Knowledge and the wrath of Sollog. Wikipedia has gotten a flurry of attention lately, as some people discover it and are amazed and others fret loudly about its weaknesses, especially: how do you trust entries in an encyclopedia that could have been written by, literally, anyone?

I must plead guilty - I myself have added to Wikipedia's store of information (or squirrelly pack'o'lies) - mostly adding additional sections of information to existing pages. I've noticed that some of the information in the pages I worked on was a bit 'off' - not necessarily wrong, mind you, but not stated in a way that I thought quite standard for the field (this was on pages dealing with subjects I'd taught in college). I made changes where I thought they were needed, and occasionally asked for clarifications in the page discussions - generally these went unanswered, and I went ahead and made the changes when I had the ambition.

Based on these experiences and others, I think anyone expecting Wikipedia to be or become 'authoritative' in the same way as, say, the Encyclopedia Britannica, is going to be forever disappointed. It's a great first stop, a place to go when you just want to know "Who was Heinie Manush?" or "What the hell is a Cohen-Macaulay ring?" or "How high is Mt. Elbert?" Sort of like an incredibly-knowledgeable neighbor - "Hey, Bob, you know anything 'bout the John Day River?" But I wouldn't trust anything on Wikipedia that I couldn't independently verify. It's a great information aggregator - but a middling information guarantor.

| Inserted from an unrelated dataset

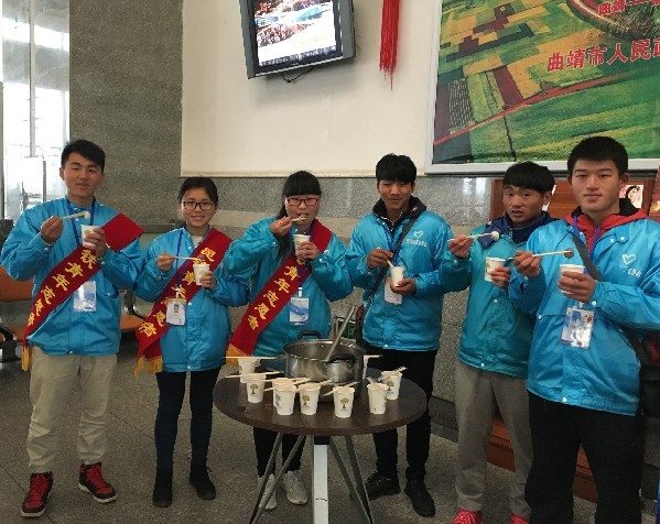 回到正题,今天昆明降温了,“彩云之蓝”志愿服务队的“蓝蓝”在车站渡过了一个难忘的“元宵节”,这是“蓝蓝”告别父母温暖怀抱的第一次“团圆”,这是“蓝蓝”暂别家人和“大家”相聚的第一个元宵,这也是“蓝蓝”人生路上一笔珍贵的记忆,小编与蓝蓝共勉,他们会带着这段美好,走出社会,走向美好!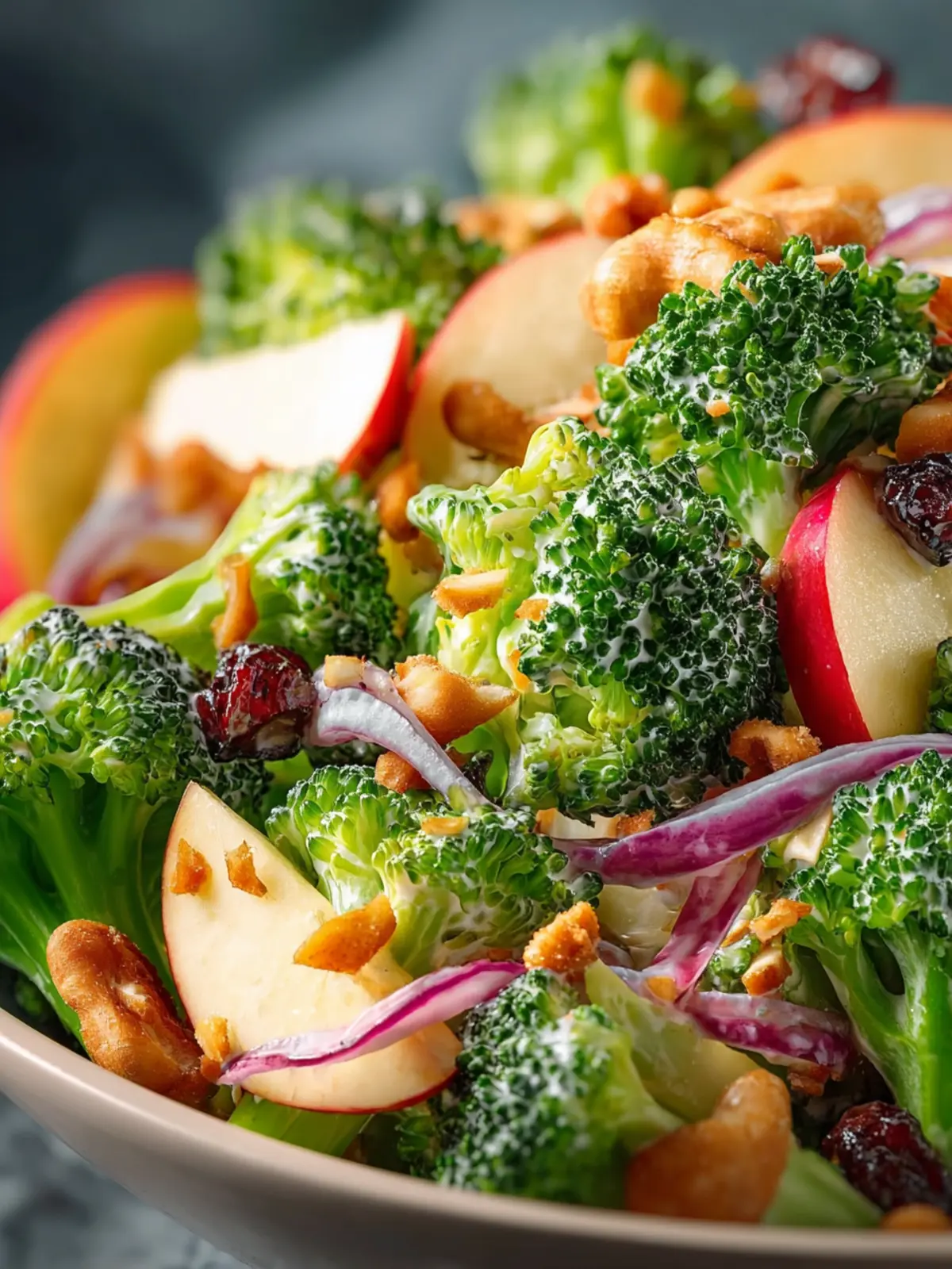 Apples: For a refreshing zing, I suggest using crisp, tart apples like Granny Smith or Honeycrisp. Their juiciness adds a delightful contrast to the crunchy broccoli while infusing the salad with natural sweetness.

In addition to the problem of incomplete or incorrect information is the problem of malice - if any reader can be a writer, any reader can be a vandal as well. The loss of complete editorial control inherent in a open wiki can be pretty unnerving to the operator, as well as reader/writers; in earlier, more innocent times I often heard wiki advocates assure doubters that with a little persistent correction, vandals and cranks would just give up and go away. Alas, even the most dedicated of editors is no match for a relentless onslaught of cranks and wikispam robots, and eventually wikis and wiki software had to put much more time and energy into preserving their data.

A look behind the scenes at Wikipedia reveals some of what must go on every day to keep entropy at bay; the administrative page devoted to 'Vandalism in progress' is extensive (though, it must be said, not so bad considering how many pages there are in Wikipedia total). Struggles against the repeated attacks of dedicated cranks and trolls are described therein; my current favorite (sure to linkrot away soon) is "Wikipedia is currently the target of vandalism by the followers of a self-styled god named Sollog..." Even with the question of accuracy out of the picture, Wikipedia requires a group of dedicated volunteers just to keep itself from decaying into a mass of outlandish crap.